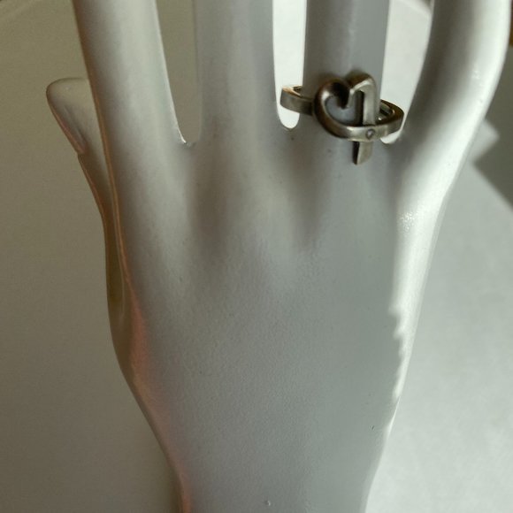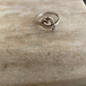 TIFFANY & CO. STERLING SILVER LOVING HEART COCKTAIL RING WITH DIAMOND- SIZE 7
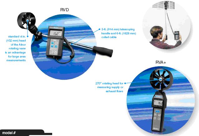 旋轉(zhuǎn)葉片風(fēng)速計(jì)可測(cè)量真實(shí)空氣速度,讀物無需進(jìn)行密度校正因子修正。 RVA+ 的用戶可通過按單側(cè)按鈕并對(duì)被測(cè)量區(qū)域進(jìn)行“掃描”而獲得面積平均流量。 RVD 提供了伸長測(cè)量以及數(shù)據(jù)記錄、調(diào)用和下載功能。
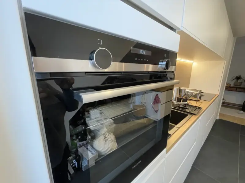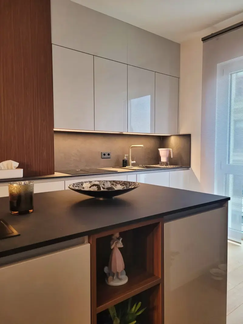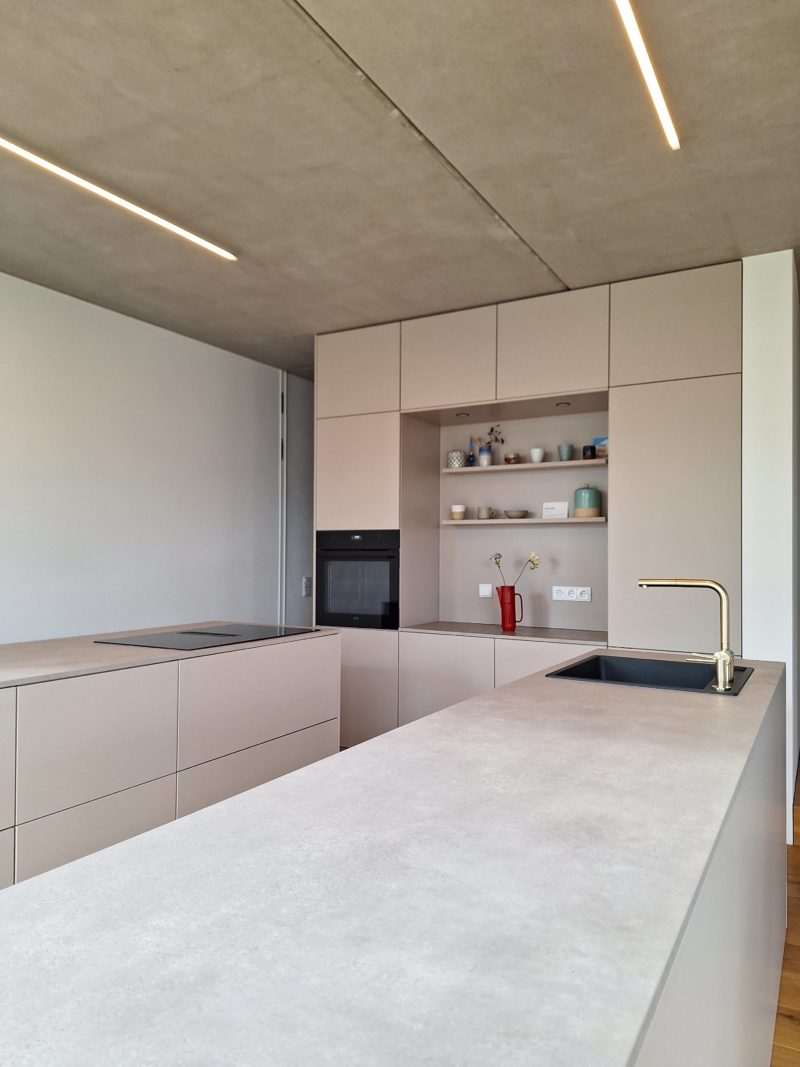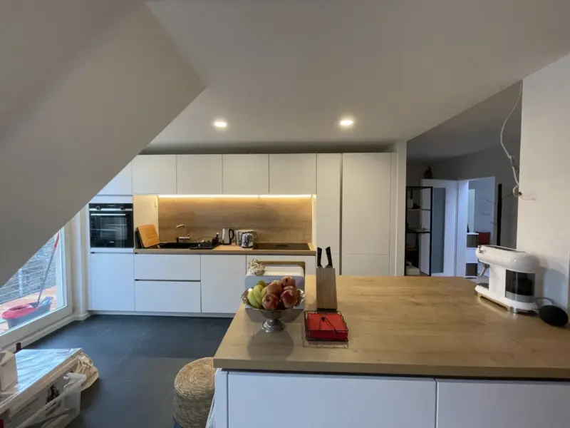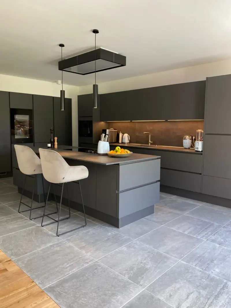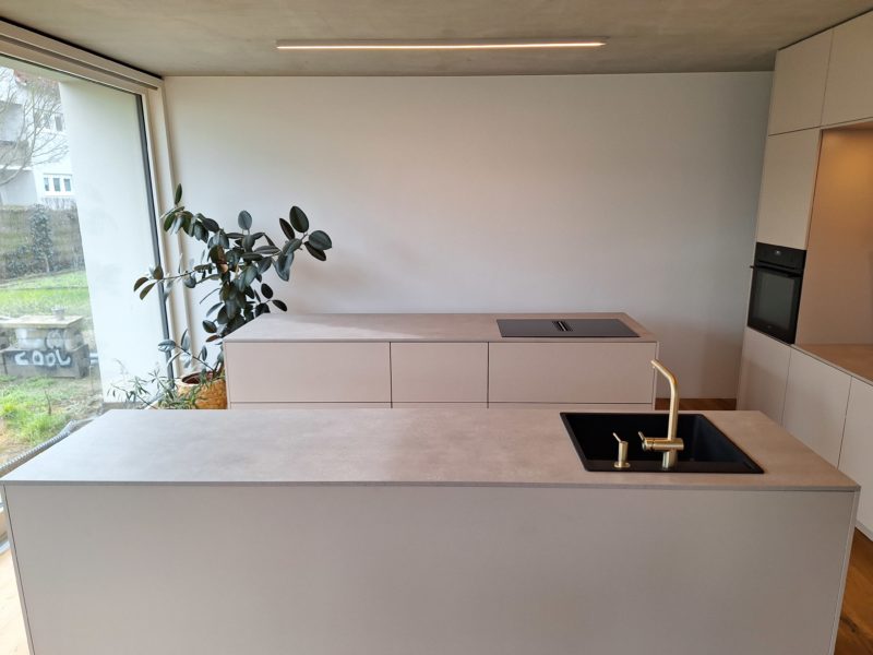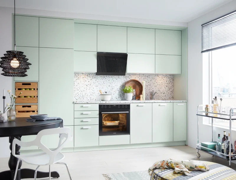 Wenn du nur eine besonders kleine Küche besitzt oder dich der Herausforderung stellen musst, nur ein sehr begrenztes Budget zur Verfügung zu haben, empfehle ich dir die Küchenzeile. Denn eine Küchenzeile bringt einige Vorteile mit sich und bietet dir die optimale Lösung für deine Challenge. Dieser Küchenblock ist eine sehr kompakte Lösung im Raum, die aber trotzdem alle wichtigen Elemente und Geräte wie Spüle, Herd, Backofen, Kühlschrank, Geschirrspüler und Arbeitsfläche vereint und sie auf einer Seite anordnet. Dank der Größe wird wertvoller Platz in deiner Küche gespart und der Rest des Raumes kann effizient für alles andere genutzt werden.
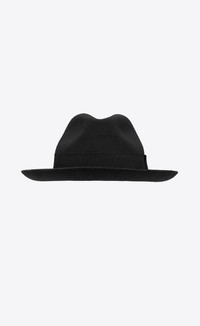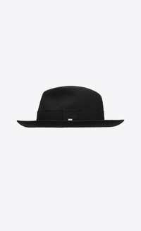 FEDORA HAT WITH A GROSGRAIN BAND. - 90% WOOL, 10% LEATHER - SAINT LAURENT ENGRAVED METAL PLAQUE - LEATHER SWEATBAND - STYLE ID 7615863YO571000 - MADE IN ITALY
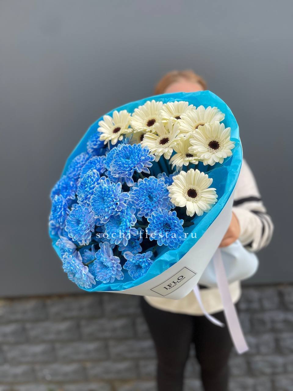 хризантемы, герберы, упаковка, лента.
- - -
## What is required
Everything from the line with "Wenn du nur" through the end of the listing above, both ends included, should be set down exactly; copy nothing else, and skip the pictures.

## Answer to the problem
 Wenn du nur eine besonders kleine Küche besitzt oder dich der Herausforderung stellen musst, nur ein sehr begrenztes Budget zur Verfügung zu haben, empfehle ich dir die Küchenzeile. Denn eine Küchenzeile bringt einige Vorteile mit sich und bietet dir die optimale Lösung für deine Challenge. Dieser Küchenblock ist eine sehr kompakte Lösung im Raum, die aber trotzdem alle wichtigen Elemente und Geräte wie Spüle, Herd, Backofen, Kühlschrank, Geschirrspüler und Arbeitsfläche vereint und sie auf einer Seite anordnet. Dank der Größe wird wertvoller Platz in deiner Küche gespart und der Rest des Raumes kann effizient für alles andere genutzt werden.
 FEDORA HAT WITH A GROSGRAIN BAND. - 90% WOOL, 10% LEATHER - SAINT LAURENT ENGRAVED METAL PLAQUE - LEATHER SWEATBAND - STYLE ID 7615863YO571000 - MADE IN ITALY
 хризантемы, герберы, упаковка, лента.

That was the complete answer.